Dank Mageia8 und grub2-mkconfig -o /boot/grub2/grub.cfg hatte ich Erfolg:

Die neue Windows-Installation mit ihrem Boot-System wurde erkannt.

Den Eintrag in der grub.cfg habe ich in die grub.cfg von ArchLinux übernommen,

dann die Boot-Reihenfolge geändert: nicht mehr Windows als erstes, sondern ArchLinux.

So kann ich nun in dem Bootmenu Windows anklicken, dann startet Windows10 Home.

Ich bin nun doch sehr zufrieden, daß alles ohne Probleme geklappt hat, selbst die Software

mit der SteuerErklärung konnte ich installieren, nun kann ich sie im März 2021 nutzen.

Wie oft habe ich schon gelesen, daß solche Nachinstallationen von Windows nicht geklappt haben,

wenn Linux vorher schon am Anfang der Festplatte installiert war.

Daß es bei mir funktioniert hat, freut mich sehr, auch wenn ich zugebe, daß ich erst leise

Befürchtungen hatte, daß es auch bei Probleme geben könnte, was ja nun nicht passiert ist.

Mit Freude grüße ich alle, die das hier lesen.

Manfred

----------

## Banana

Wenn ich das nun hier richtig lese wollte man win HDD auf SSD bringen.

Grunsätzlich habe ich das schon 3 mal gemacht wobei das Ziel an USB hing. Immer über Windowssoftware gemacht. Ich gehe stark davon aus das ein booten von USB zu einem ziel auf einer anderen USB auch gehen würde. Also das klonen. Neu installieren habe ich da noch nicht gemacht.

----------

## ManfredB

Hallo Banana!

Du hast vollkommen recht: Ausgangspunkt war mein Wunsch, Windows 10 von HDD zu SSD zu klonen.

Doch wie ich inzwischen schon geschrieben habe: Windows auf HDD war Version 1803, die wird nicht mehr

unterstützt, das habe ich am vergeblichen Versuch, Updates zu suchen, gemerkt: nichts.

Daß ich das erst sehr spät bemerkt habe, ist mein Fehler.
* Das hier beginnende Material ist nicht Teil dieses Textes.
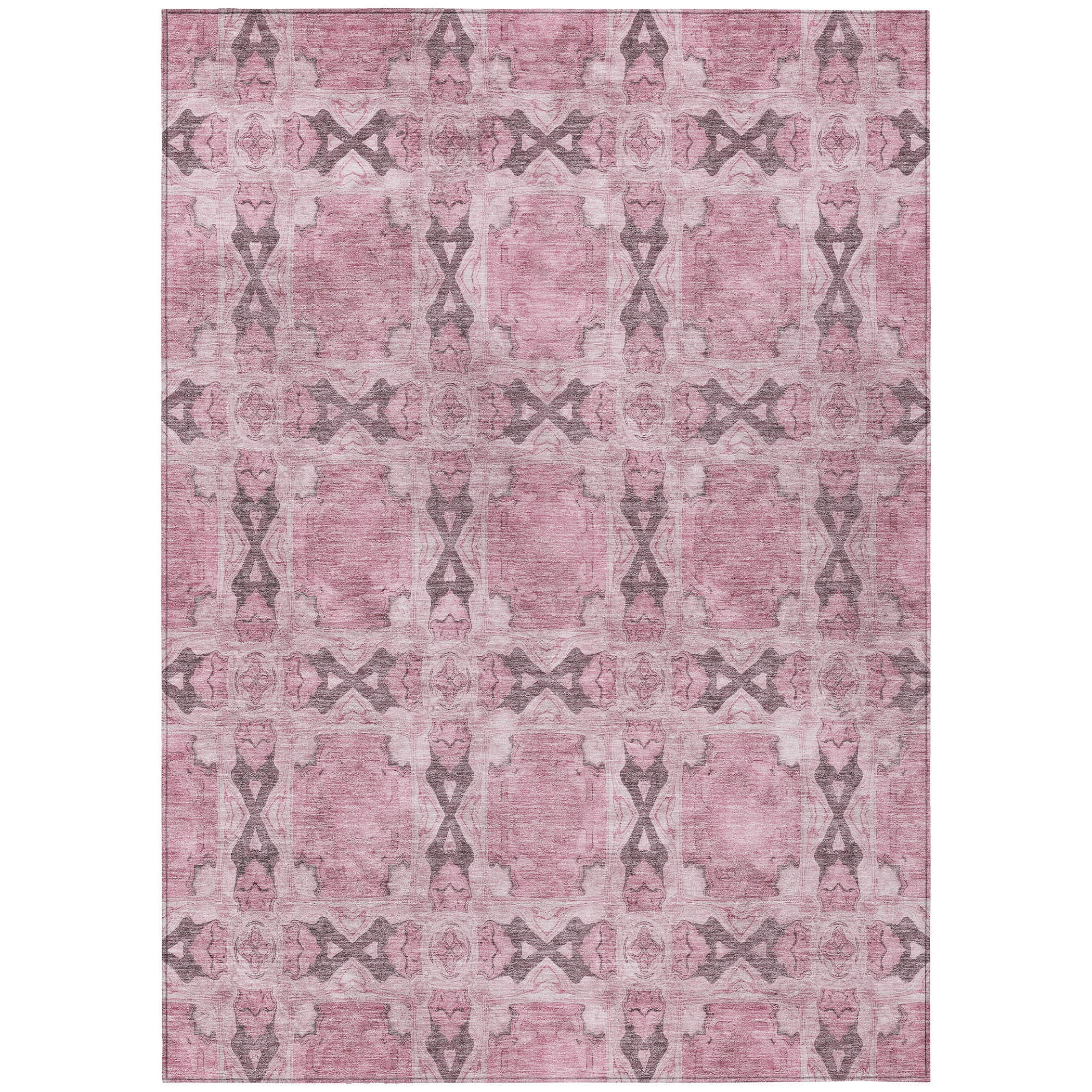 10' X 14' Pink Floral Medallion Washable Non Skid Indoor Outdoor Area Rug

Hätte ich das vor Schreiben dieses Threads bemerkt,

wäre dieser Thread erst gar nicht entstanden.

Dafür möchte ich mich bei allen, die hier geantwortet haben, entschuldigen.

Fehler passieren immer wieder einmal, das ist mir klar. Vor allem ist alles, was hier steht, eigentlich gar nicht der passende Ort, weil es um Windows geht und nicht um gentoo.

Seid alle freundlich gegrüßt

von

Manfred

----------

## Banana

Hey, dazu braucht man sich nicht entschuldigen. Ich denke jeder hat was gelernt und manches erkennt man erst wenn man drüber spricht bzw. niederschreibt.

----------